Competitive Government in Bujold’s SF
Lois McMaster Bujold is one of the most acclaimed modern SF authors, tying Robert Heinlein for the most Best Novel Hugos (4). She also happens to be my favorite fiction author. Yet she’s unknown to many SF fans because so much SF is decades old, and she’s “only” been writing for 25 years. In the novel A Civil Campaign, the main characters (youngest generation of a warrior-aristocratic dynasty) discuss competitive government on their home planet of Barrayar:
“Among our father’s early reforms, when he was Regent, was that he managed to impose uniform simplified rules for ordinary subjects who wanted to change Districts, and switch their oaths to their new District Count. Since every one of the sixty Counts was trying to attract population to his District at the expense of his brother Counts, Da somehow greased this through the Council, even though everyone was also trying to prevent their own liege people from leaving them. Now, each Count has a lot of discretion about how he runs his District, how he structures his District government, how he imposes his taxes, supports his economy, what services he provides his people, whether Progressive or Conservative or a party of his own invention like that loon Vorfolse down on the south coast, and on and on. Mother describes the Districts as sixty sociopolitical culture dishes. I’d add, economic, too.”
“That part, I’ve been studying,” Lord Mark allowed. “It matters to where I place my investments.”
Vorkosigan nodded. “Effectively, the new law gave every Imperial subject the right to vote local government with their feet. Our parents drank champagne with dinner the night the vote slipped through, and Mother grinned for days. I must have been about six, because we were living here by then, I remember. The long-term effect, as you can imagine, has been a downright biological competition. Count Vorenlightened makes it good for his people, his District grows, his revenues increase. His neighbor Count Vorstodgy makes it too tough, and he leaks people like a sieve, and his revenues drop. And he gets no sympathy from his brother Counts, because his loss is their gain.”

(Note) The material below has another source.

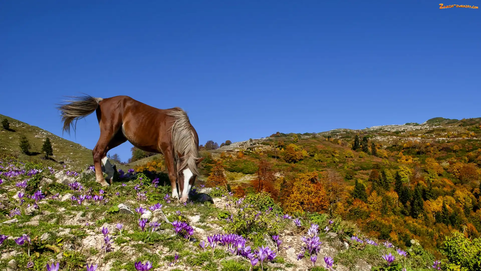 Zdjęcie: Krokusy, Jesienne, Wzgórza, Koń, Drzewa

Amen. Let’s hope that some Sci Fi like technology – like seasteading – can bring us that “downright biological competition” here on Earth.
Austerity in an Age of Jurisdictional Arbitrage
Many American corporations have used Ireland as a foothold in Europe because its corporate tax rates are relatively low. But now with all that meat on the table, the E.U. wants debt ridden Ireland to bite
The Irish government has been given a stark warning from some of the biggest American companies in Ireland on the risk of a mass exodus if the country’s low corporation tax rate is raised. The warning – from executives at Microsoft, Hewlett-Packard (HP), Bank of America Merrill Lynch and Intel – spoke of the “damaging impact” on Ireland’s “ability to win and retain investment” should the country’s corporation tax rate be increased from 12.5pc…
Nicholas Sarkozy, the French president, said yesterday that while raising taxes will not be a condition of the bail-out, he expects Ireland to raise its corporation tax rate.